■ **Your assignment**
At the line with "Every candle includes", start transcribing; stop after the last line of the data below. Keep it exact and leave pictures out.

■ **Data provided**
------

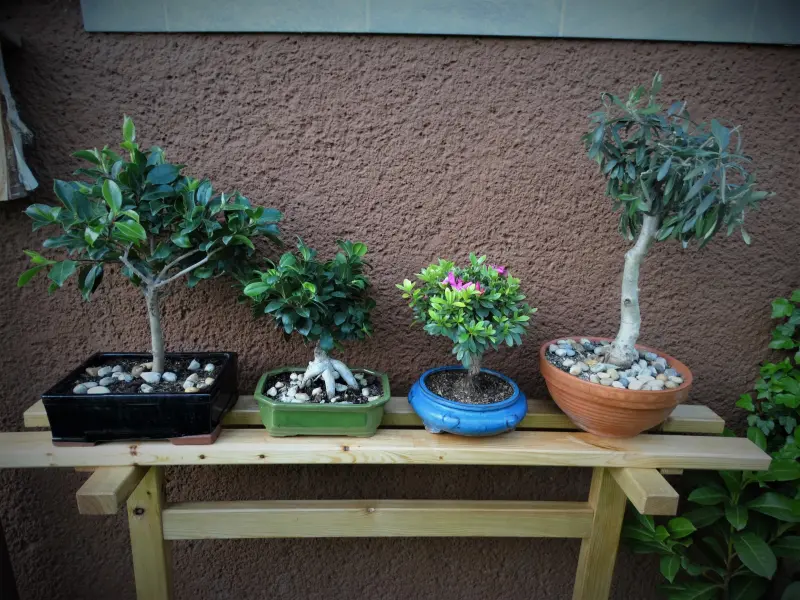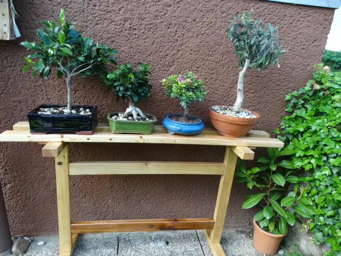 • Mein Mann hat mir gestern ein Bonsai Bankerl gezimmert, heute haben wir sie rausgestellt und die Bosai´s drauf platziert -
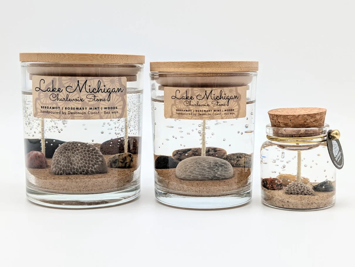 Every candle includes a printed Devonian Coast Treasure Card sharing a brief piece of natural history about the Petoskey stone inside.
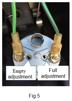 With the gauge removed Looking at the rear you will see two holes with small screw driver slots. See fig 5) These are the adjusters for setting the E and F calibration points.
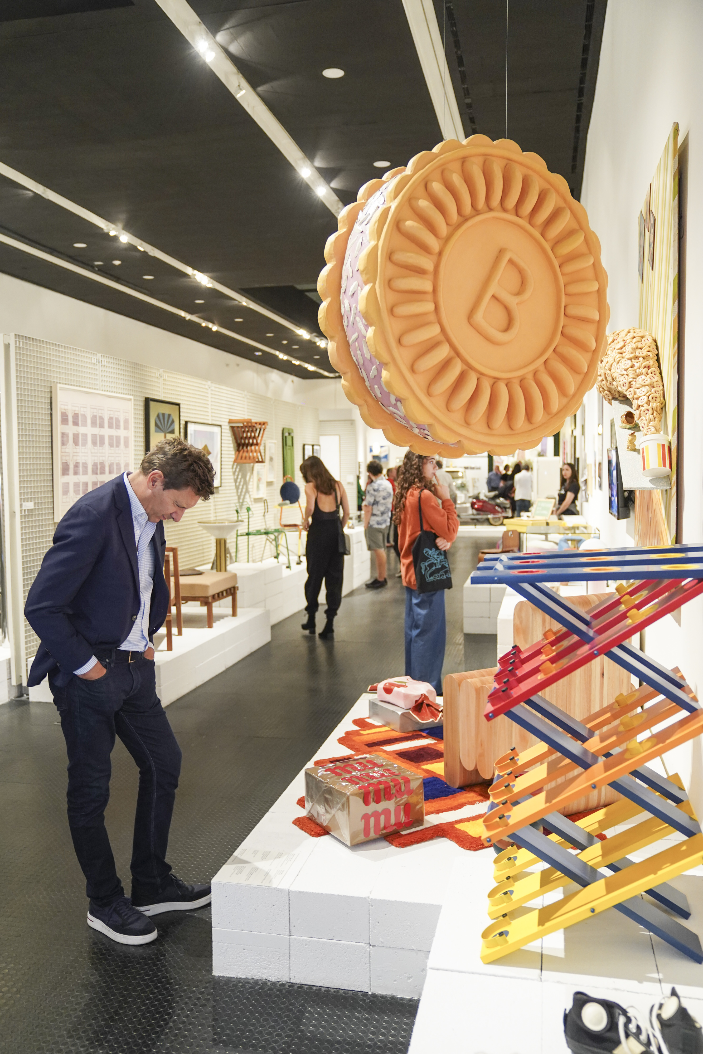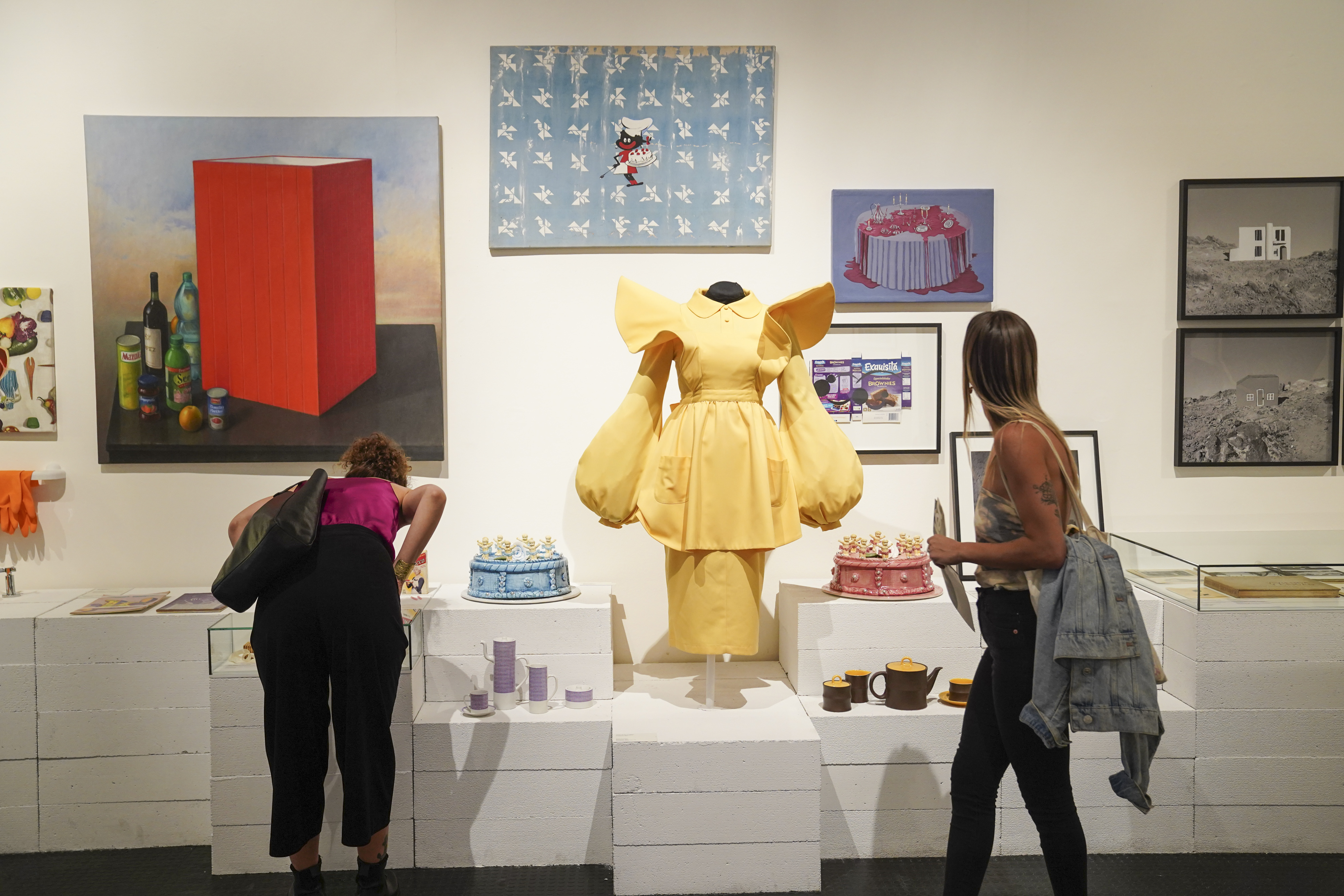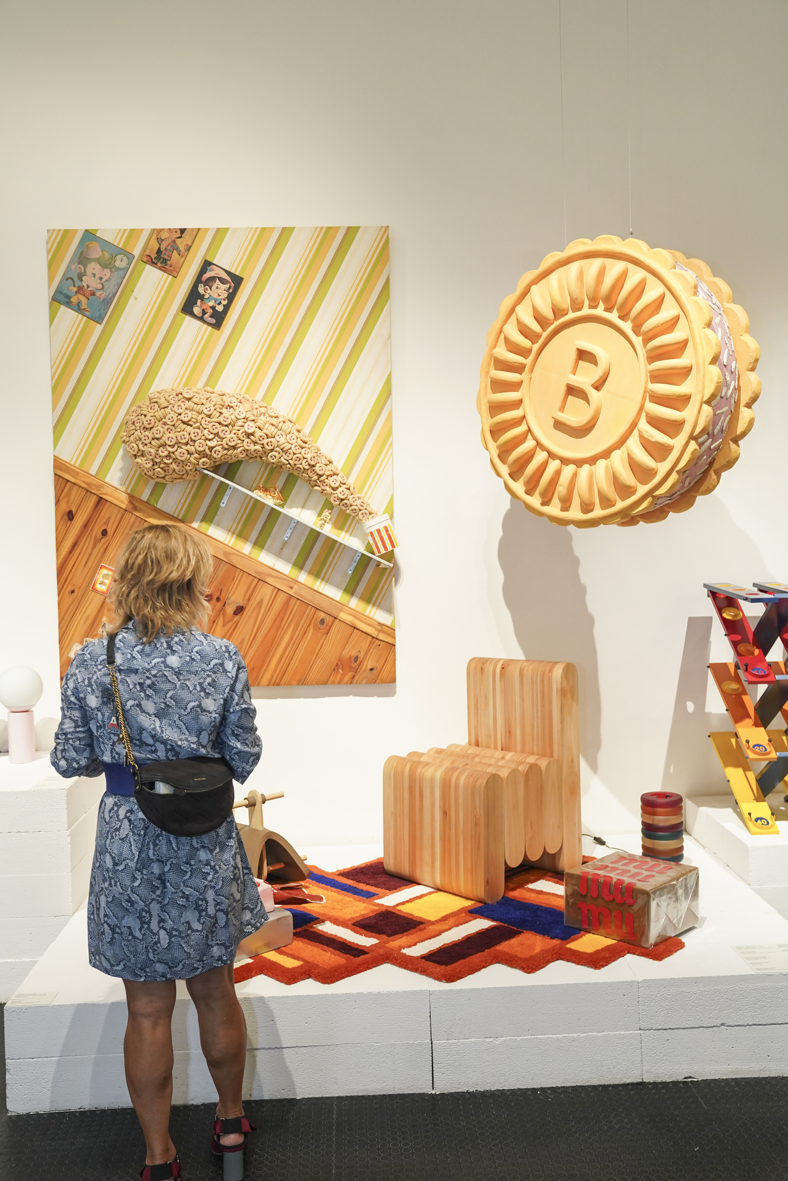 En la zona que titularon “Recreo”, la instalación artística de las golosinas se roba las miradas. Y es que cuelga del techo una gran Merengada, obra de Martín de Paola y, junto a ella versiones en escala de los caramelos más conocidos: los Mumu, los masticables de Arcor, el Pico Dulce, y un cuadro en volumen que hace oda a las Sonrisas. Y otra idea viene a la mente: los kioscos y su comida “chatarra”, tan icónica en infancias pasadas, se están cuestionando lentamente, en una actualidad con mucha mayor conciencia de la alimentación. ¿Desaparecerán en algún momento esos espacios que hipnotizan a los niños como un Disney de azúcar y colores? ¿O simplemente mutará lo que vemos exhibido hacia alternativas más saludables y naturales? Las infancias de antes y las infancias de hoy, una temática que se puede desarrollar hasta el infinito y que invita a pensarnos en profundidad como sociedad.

------

■ **Answer for this exercise**
 Every candle includes a printed Devonian Coast Treasure Card sharing a brief piece of natural history about the Petoskey stone inside.
 With the gauge removed Looking at the rear you will see two holes with small screw driver slots. See fig 5) These are the adjusters for setting the E and F calibration points.
 En la zona que titularon “Recreo”, la instalación artística de las golosinas se roba las miradas. Y es que cuelga del techo una gran Merengada, obra de Martín de Paola y, junto a ella versiones en escala de los caramelos más conocidos: los Mumu, los masticables de Arcor, el Pico Dulce, y un cuadro en volumen que hace oda a las Sonrisas. Y otra idea viene a la mente: los kioscos y su comida “chatarra”, tan icónica en infancias pasadas, se están cuestionando lentamente, en una actualidad con mucha mayor conciencia de la alimentación. ¿Desaparecerán en algún momento esos espacios que hipnotizan a los niños como un Disney de azúcar y colores? ¿O simplemente mutará lo que vemos exhibido hacia alternativas más saludables y naturales? Las infancias de antes y las infancias de hoy, una temática que se puede desarrollar hasta el infinito y que invita a pensarnos en profundidad como sociedad.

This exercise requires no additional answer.